All right, then, how about the deprivations of those greedy insurance companies? Here again the actual numbers refute Sanders’ wild claims. The difference between what healthcare insurance companies take in via premiums and what they pay out in claims constitutes, supposedly, their unjust, excessive profits: 10% of total US healthcare spending. But only a fraction of this 10% goes to shareholders and executives. The rest goes for administrative costs: advertising, contracting, claims administration, fraud prevention, etc. Though Sanders pretends otherwise, much the same administrative costs would have to be borne by Medicare for All. Even now, Medicare fraud sucks about $40 billion per hear from the program; if Medicare for All were ever adopted it would have to be rigidly policed to prevent much higher losses due to fraud. And, yes, Medicare for All would also have an advertising budget, necessary to keep the public informed about the program. In short, Sanders’ promises of vast savings on the administrative front are pure wind. 
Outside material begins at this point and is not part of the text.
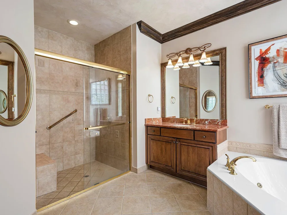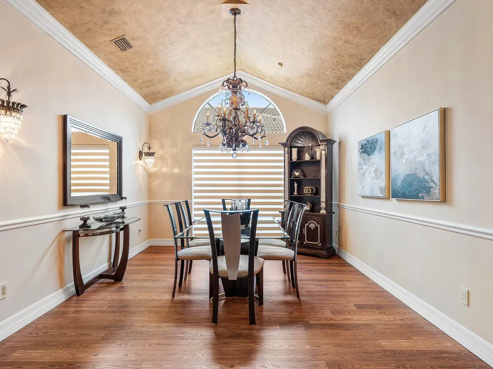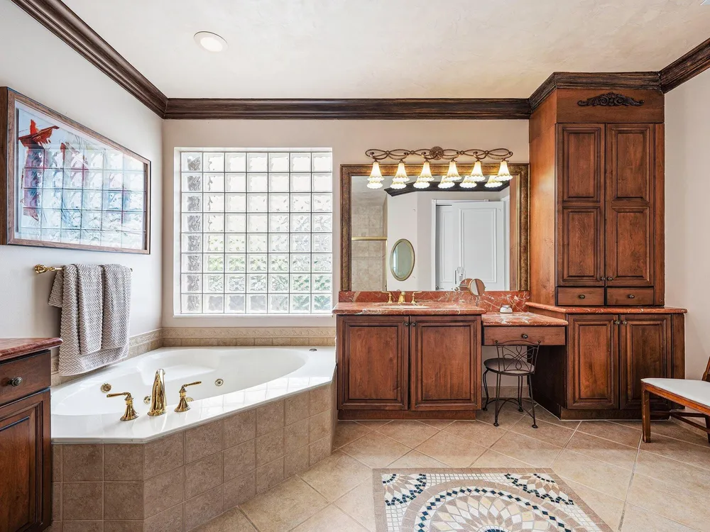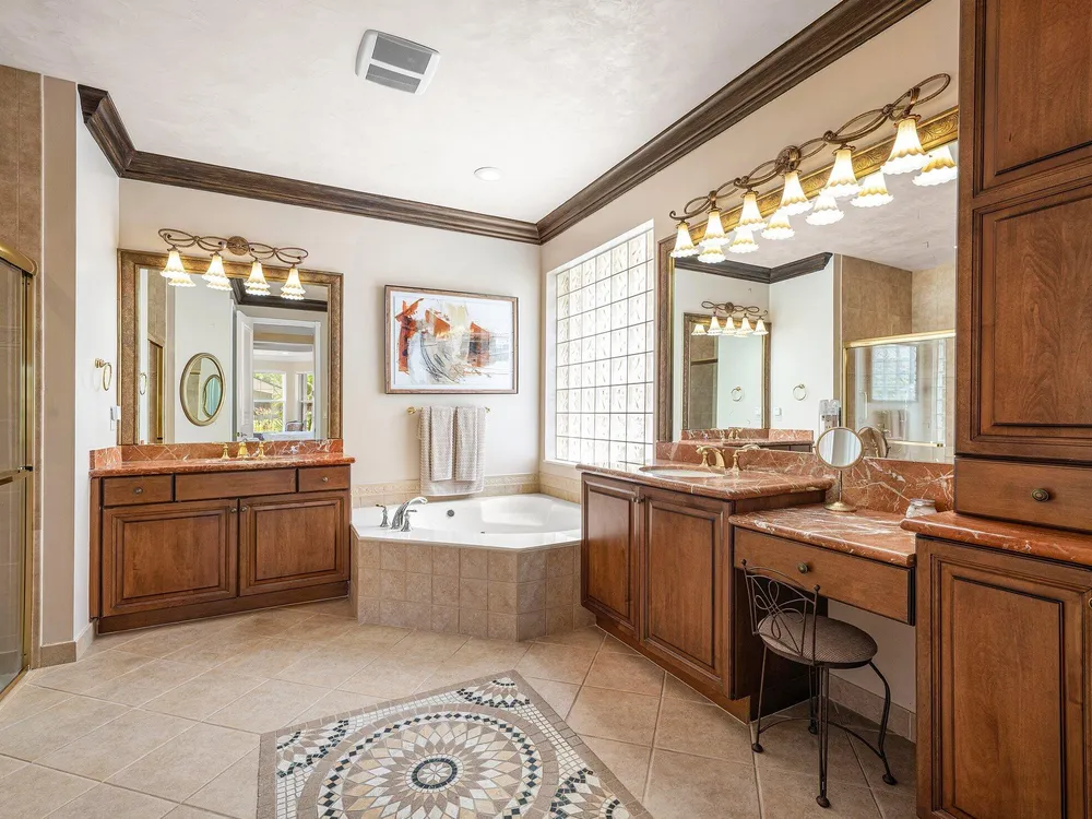 - Garden Tub/Roman Tub, Split Bedrooms, High Ceilings, Walk-In Closet(s), Family Room, Breakfast Area, Separate/Formal Dining Room, Blinds, Plantation Shutters, Dual Sinks, Primary Downstairs, Separate Shower, Bathtub, Storm Shutters

Medicare for All, by increasing the demand for healthcare while limiting its availability via price controls, would yield significantly worse results than the present system. Progressives pretend that because it’s a “right,” healthcare is somehow exempted from the laws of economics. But this is twaddle. First, there’s no way around the economic law that states: Arbitrarily imposed price controls diminish supply, i.e. you can’t get more by offering less. Second, suppressing private health insurance companies will not eliminate the profit motive from the healthcare sector of the economy. 

Right now, Medicare relies on an array of private contractors for various vital services—and these companies are for-profit entities. So are hundreds of clinics, medical practices, medical laboratories, medical device manufacturers, drug companies, etc., etc. It is to be foreseen that the price controls imposed by a single-payer system like Medicare for All would drive a significant percentage of these companies out of business. Only the largest, able to benefit from economies of scale, could survive in such an environment. It seems ironic that so dauntless a foe of Wall Street as Bernie Sanders is pushing a healthcare reform proposal that would benefit large corporations over small businesses, but there it is. 

 

The conclusion is clear and inescapable: Bernie Sanders and his claque simply don’t know what they’re talking about. The promises accompanying his Medicare for All proposal are based on nothing more substantial than oversimplification, misinformation and wishful thinking. Comrade Sanders knows nothing about anything, and he wants to take control of the nation’s healthcare system. So be afraid, America. Be very afraid.